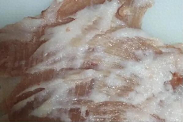 第二步 把猪颈肉洗干净,用料酒、白糖、生抽、老抽、姜末、叉烧酱一起涂抹均匀腌制1个晚上,记得要不时翻身几次好入味.
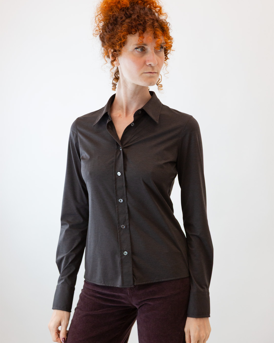 Camicia realizzata con tessuto Skin Like a tinta unita. Vestibilità slim. Maniche lunghe con polsino e finta chiusura frontale con bottoni. Composizione: 85% Poliammide, 15% Elastan. Designed in Italy.
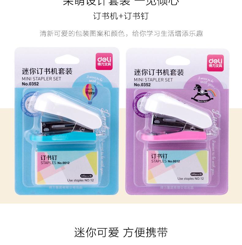 Deli 0352-Set de Tarjetas Mini Grapadora Práctica Colorida (Grapadora + Grapas 12#)
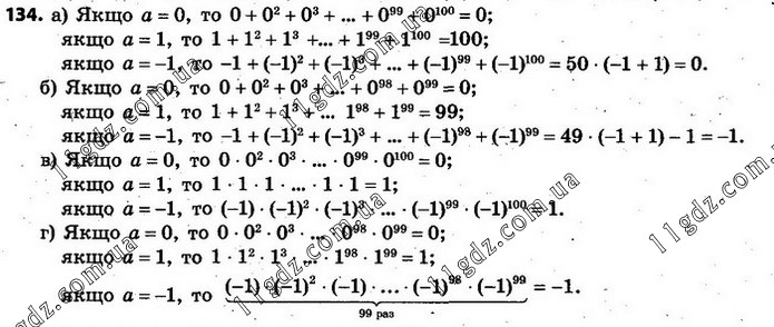134. Знайдіть значення виразу, якщо а = 0; а = 1; а = –1: а) а + а2 + а3 + … + а99 + а100 (ця сума має 100 доданків, кожен з яких є степенем числа а; показники степенів — усі натуральні числа від 1 до 100 включно); б) а + а2 + а3 + … + а98 + а99; в) аа2а3 … а99а100; г) аа2а3 … а98а99.
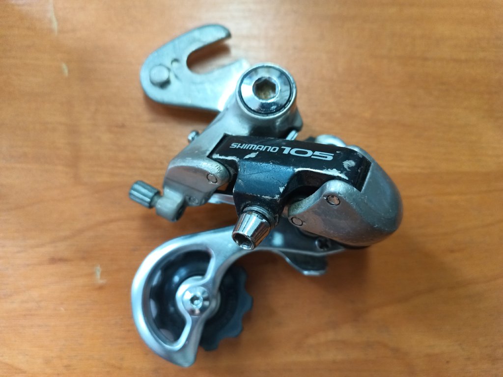 Použitá přehazovačka na silniční kolo Shimano 105 (RD-1050). Určena pro 6 rychlostních stupňů, ale zvládne pravděpodobně i 8 kolečko. Stav viz foto, kompletní, funkční.
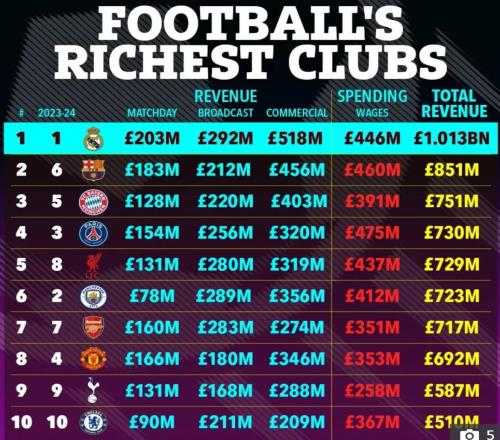 最新德勤足坛财富榜已经发布,皇萨仁排在前三,曼联跌至第八,利物浦升至第五名,英超俱乐部在前三十名占据了半壁江...
- - -
--- Brief ---
Transcribe all of the lines above exactly as given. The pictures stay out.

--- Result of this task ---
 第二步 把猪颈肉洗干净,用料酒、白糖、生抽、老抽、姜末、叉烧酱一起涂抹均匀腌制1个晚上,记得要不时翻身几次好入味.
 Camicia realizzata con tessuto Skin Like a tinta unita. Vestibilità slim. Maniche lunghe con polsino e finta chiusura frontale con bottoni. Composizione: 85% Poliammide, 15% Elastan. Designed in Italy.
 Deli 0352-Set de Tarjetas Mini Grapadora Práctica Colorida (Grapadora + Grapas 12#)
134. Знайдіть значення виразу, якщо а = 0; а = 1; а = –1: а) а + а2 + а3 + … + а99 + а100 (ця сума має 100 доданків, кожен з яких є степенем числа а; показники степенів — усі натуральні числа від 1 до 100 включно); б) а + а2 + а3 + … + а98 + а99; в) аа2а3 … а99а100; г) аа2а3 … а98а99.
 Použitá přehazovačka na silniční kolo Shimano 105 (RD-1050). Určena pro 6 rychlostních stupňů, ale zvládne pravděpodobně i 8 kolečko. Stav viz foto, kompletní, funkční.
 最新德勤足坛财富榜已经发布,皇萨仁排在前三,曼联跌至第八,利物浦升至第五名,英超俱乐部在前三十名占据了半壁江...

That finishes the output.